Chemical abundances and ionization in sub-Damped Lyman-alpha absorbers at z < 1.5

The chemical composition of galaxies provide important clues into galaxy formation and evolution. Quasar (QSO) absorption line systems offer a unique window into the high redshift Universe and the properties of normal galaxies at high redshift. QSO absorbers have long been used to study distant galaxies and the intergalactic medium (IGM). The Damped Lyman-alpha systems (DLAs), with neutral Hydrogen column densities of log NH I > 20.3, and sub-Damped Lyman-alpha systems (sub-DLAs) with 19.0 < log NH I < 20.3 contain the majority of the neutral gas in the Universe at high redshift, probe metallicities over ∼90% of the cosmic history, and are believed to be the progenitors of modern day galaxies. Models of the chemical evolution of galaxies predict that the mean metallicity of galaxies should reach a solar value by z ∼ 0 due to the ongoing cycles of star formation which enrich the galaxy with heavy elements.

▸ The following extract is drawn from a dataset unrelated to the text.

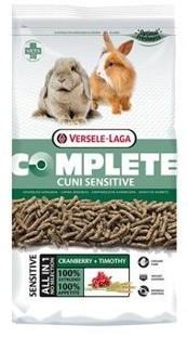 Kompletní krmivo pro zakrslé králíky. Cuni Sensitive Complete je 100% extrudované jednosložkové krmivo se sníženým obsahem energie, určené pro citlivé, méně aktivní nebo starší králíky. Je obohaceno o prebiotika, antioxidanty a brusinky. Usnadňuje tak trávení a podporuje správnou funkci močového ústrojí. Obsahuje vlákninu z celých neporušených kousků bojínkového sena. Bohatě doplněno o různé druhy trav a bylin. Neobsahuje obiloviny.

The DLA systems which have been the preferred class of absorbers for these investigations however appear to be metal poor at all redshifts, and show little evolution in their metallicity, contradicting the models of chemical evolution, the "missing metals problem". We have amassed a sample of 32 sub-DLAs and 3 DLAS at zabs < 1.5 using the 6.5m Magellan II telescope with the MIKE spectrograph, and the 8.2m VLT-Kueyen telescope with the UVES spectrograph to study the properties of these systems and determine their metal content. We have measured the absorption lines of multiple lines in these systems and determined column densities and abundances. We have also created grids of photoionization models using CLOUDY to determine the effects of ionization in these systems. Although the gas is largely ionized, the abundances appear not to require significant ionization corrections. We find that the sub-DLAs, especially at low z are more metal rich than the DLA systems, with [Zn/H]subDLA = --0.30 +/- 0.15 and [Zn/H]DLA = --0.94 +/- 0.11. These systems appear to contain ∼ 40--75% of the comoving mass density of metals that is seen in DLAs, WsubDLAmet ∼ (4--11) x 10-7, dependent on the ionization. Kinematically, the sub-DLAs from this sample have larger velocity widths than the DLAs, perhaps implying that they arise in more massive galaxies with deeper potential wells. We also investigate the relative abundances of [Cr/Zn], [Fe/Zn], [Mn/Fe], and [Si/Fe] in these systems to study dust depletion and nucleosynthetic effects.